St. Petersburg Mayor Rick Kriseman says some groups who haven’t participated in Pride in previous years could join this year.
“Yeah, I think you’re going to see folks that come here that haven’t necessarily been here in the past, that do come out for that reason. Certainly, we want to encourage people to come out. If you stay away because of what happens, then you’re allowing what happened and the terrorist action that this individual took, to win. And we can’t let that happen.”
Kriseman says there will be more security than in the past.
“We are coordinating with law enforcement on federal, state and local levels. There will be more security here that will be visible, than we’ve ever had, but, there’s also going to be more security that you don’t see, than we’ve ever had. So, we absolutely are taking the safety of those who attend, as paramount, and our number one priority.”
During a ceremony Thursday morning Kriseman oversaw the rainbow pride flag being raised over City Hall. He also called out elected leaders for their inaction on gun laws.
“Forty-nine people, most of whom were gay or lesbian, were gunned down by a hateful and deranged man. Dozens more, seriously injured. And I’m going to resist the temptation to make today about guns, but, I can assure you, as long as I am your mayor, I will speak out against the embarrassment that is our national and state gun laws.”
Similarly, Equality Florida executive director Nadine Smith wants changes to the law. But in her case, it’s to end legal workplace discrimination.
“Will you uproot the hate or will you continue to nourish it? Will you say this is enough or will you let those jokes, those comments, the inaction of elected leaders — I can’t tell you how deep the insult is, that we have a legislature that failed to pass a state law that simply says you can’t discriminate, based on sexual orientation and gender identity, when it comes to employment, housing, and public accommodations and yet, pass something called the “Pastor Protection Act.” I think it’s pretty clear right now, who needs protecting.”

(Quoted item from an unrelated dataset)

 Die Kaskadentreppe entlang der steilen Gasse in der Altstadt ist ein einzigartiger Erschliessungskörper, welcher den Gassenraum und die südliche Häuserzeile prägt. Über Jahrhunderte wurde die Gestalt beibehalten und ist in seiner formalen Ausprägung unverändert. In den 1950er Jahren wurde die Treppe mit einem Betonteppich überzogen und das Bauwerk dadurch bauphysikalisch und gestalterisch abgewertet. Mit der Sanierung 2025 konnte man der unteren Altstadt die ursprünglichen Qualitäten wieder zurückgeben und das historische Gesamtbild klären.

Smith says a lasting memorial to the Orlando victims will be to end the normalization of hatred towards LGBT people.
St. Petersburg City Council member Darden Rice agrees with the police chief’s suggestion that people will be safer if they don’t bring guns.

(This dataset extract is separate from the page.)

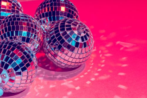 一つの球体に細かくカットされた小さいミラーが無数に張り付いている。ものすごい多面体です。

“He did strongly suggest that bringing concealed weapons is maybe not such a great idea. It’s dark, it’s crowded, there will be drinking. A shoot-out, in those circumstances, doesn’t make sense.

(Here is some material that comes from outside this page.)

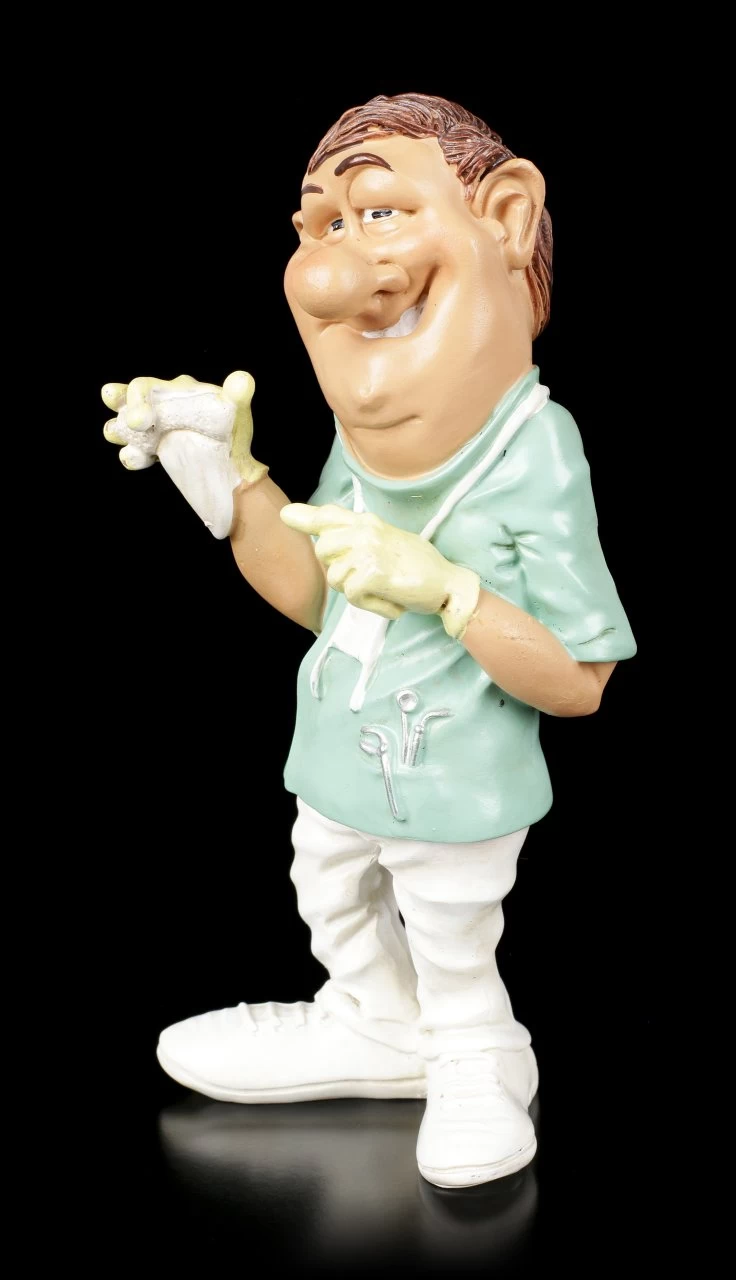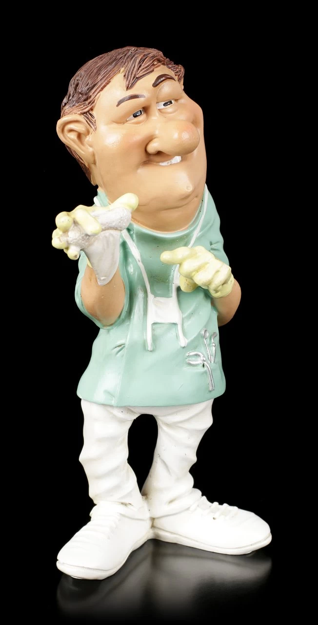 Der fleißige Zahnarzt aus der Funny Job Serie hat heute einen Auftritt vor einer Schulklasse. Er darf den Kindern zeigen, was für verschiedene Zähne es gibt. Die tolle Arzt Figur von Warren Stratford aus handbemaltem Kunststein (Polyresin) ist ein witziges Geschenk für einen engagierten Zahnarzt oder einen tolle Praxis. Weitere tolle Funny Job Figuren gibt es in unserem Shop.

“The police–it’s very difficult for the police to tell who’s the good guy with the gun, who’s the bad guy with the gun. So, let’s let the police do their job, they’re trained.
“There’s gonna be plenty of people out there, uniformed and un-uniformed and it’s not the time for vigilantes or people to go rogue, no matter how well-intentioned you think it is. Let’s use some common sense, right?”
About a dozen anti-abortion activists quietly protested at the pride flag-raising ceremony. Scott Mahurin, president of Florida Preborn Rescue, says that in the spirit of diversity and inclusion Mayor Kriseman should also send their light blue flag with the letters spelling ‘pro life’ up the flagpole.
“We’re here to speak for the pro-life community in St. Petersburg. We’ve asked the Mayor to raise our flag as a symbol of diversity and respect, to all different faiths in communities and he’s refused to do that over the last two-years. So, we’re here.
“We heard he was going to raise the gay pride flag today and so we decided to come and peacefully and quietly protest and ask if he would consider raising our flag too, in the spirit of diversity.”
Mahurin says the group does not plan to protest at the pride parade. The Pride Parade is Saturday beginning at 5:00 p.m.